🤖 AI Summary
This study challenges the prevailing assumption that larger model size inherently yields superior performance, particularly in financial natural language processing (NLP). Method: We systematically evaluate the GPT-OSS series of large language models across ten financial NLP tasks—including sentiment analysis, question answering, and named entity recognition—using real-world datasets such as Financial PhraseBank and FiQA-SA. We introduce novel efficiency metrics, notably the Token Efficiency Score, and establish a multi-dimensional benchmarking framework to jointly assess accuracy and computational efficiency.

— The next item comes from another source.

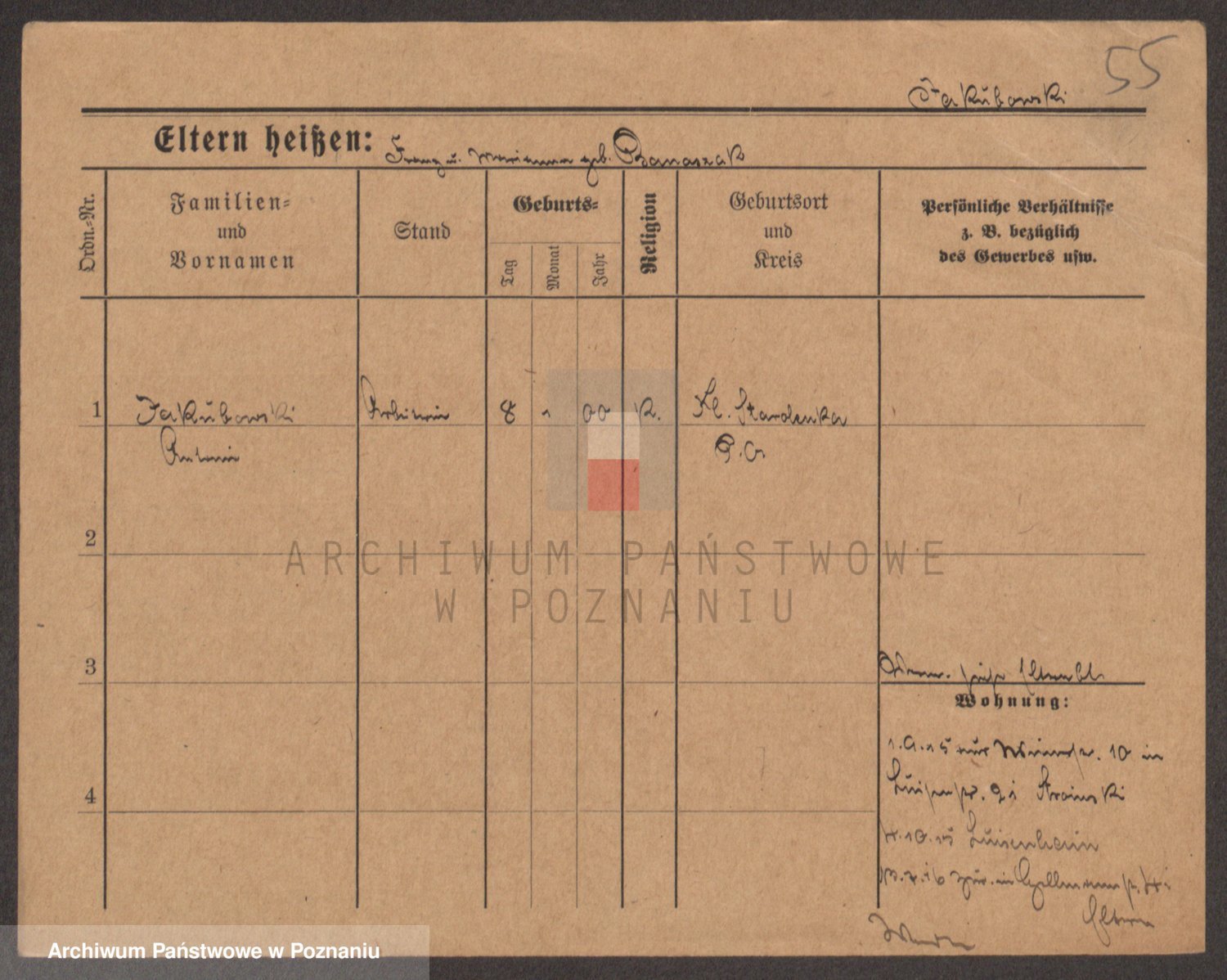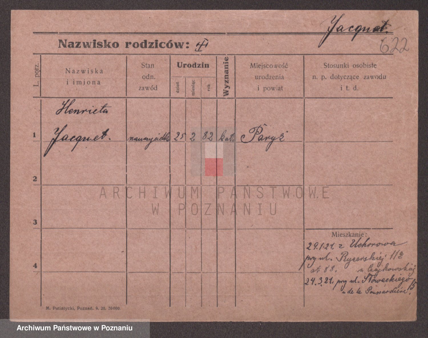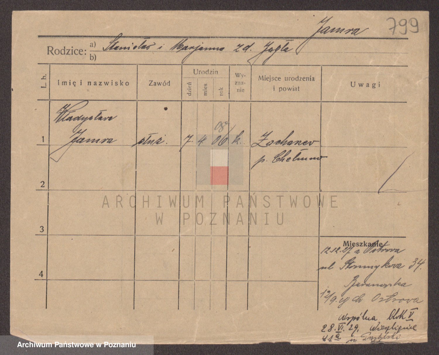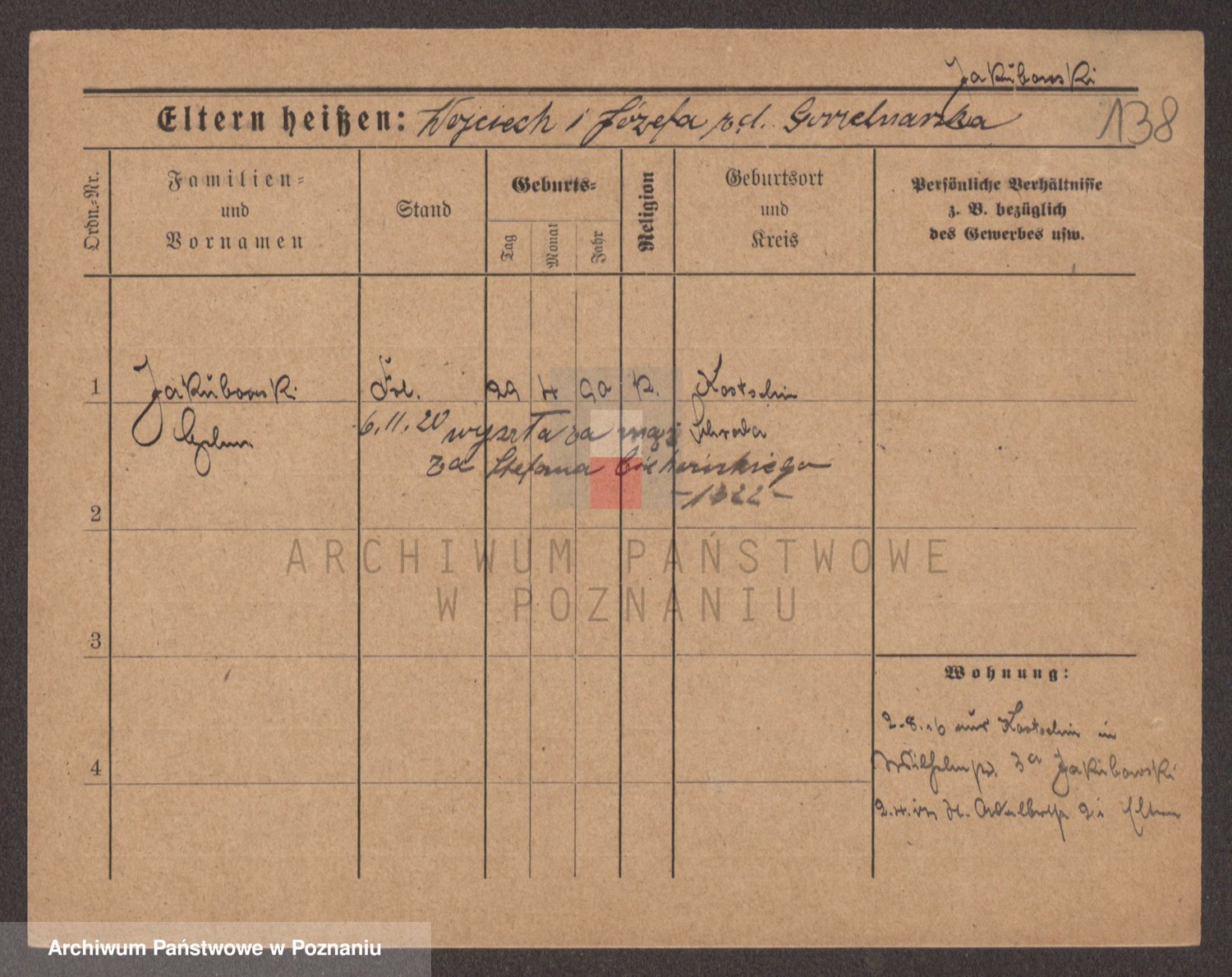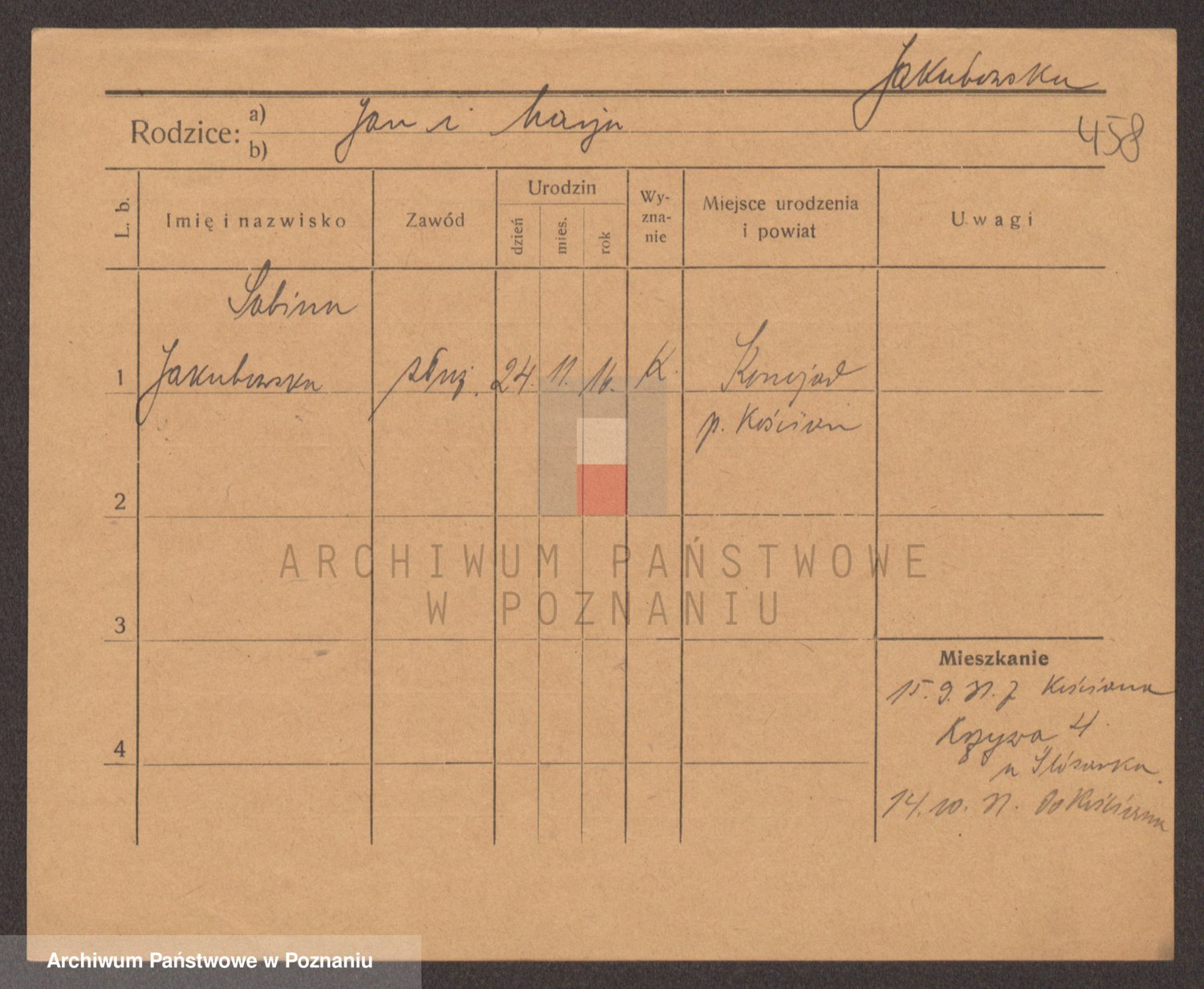 Podgląd karty osobowej dostępny jest po kliknięciu na nazwisko lub ikonkę karty. Można dokonywać powiększenia (ikony na górze) lub przechodzić między kolejnymi skanami (strzałki po bokach).

Contribution/Results: Our results demonstrate that the lightweight GPT-OSS-20B achieves competitive accuracy (65.1%)—only marginally below GPT-OSS-120B (66.5%)—while attaining a Token Efficiency Score of 198.4 and throughput of 159.8 tokens/sec, significantly outperforming larger models like Qwen3-235B. Crucially, domain-adapted smaller models achieve Pareto-improved trade-offs between accuracy and efficiency, establishing a new paradigm for lightweight deployment of financial LLMs.
📝 Abstract
The rapid adoption of large language models in financial services necessitates rigorous evaluation frameworks to assess their performance, efficiency, and practical applicability. This paper conducts a comprehensive evaluation of the GPT-OSS model family alongside contemporary LLMs across ten diverse financial NLP tasks. Through extensive experimentation on 120B and 20B parameter variants of GPT-OSS, we reveal a counterintuitive finding: the smaller GPT-OSS-20B model achieves comparable accuracy (65.1% vs 66.5%) while demonstrating superior computational efficiency with 198.4 Token Efficiency Score and 159.80 tokens per second processing speed [1]. Our evaluation encompasses sentiment analysis, question answering, and entity recognition tasks using real-world financial datasets including Financial PhraseBank, FiQA-SA, and FLARE FINERORD. We introduce novel efficiency metrics that capture the trade-off between model performance and resource utilization, providing critical insights for deployment decisions in production environments. The benchmark reveals that GPT-OSS models consistently outperform larger competitors including Qwen3-235B, challenging the prevailing assumption that model scale directly correlates with task performance [2]. Our findings demonstrate that architectural innovations and training strategies in GPT-OSS enable smaller models to achieve competitive performance with significantly reduced computational overhead, offering a pathway toward sustainable and cost-effective deployment of LLMs in financial applications.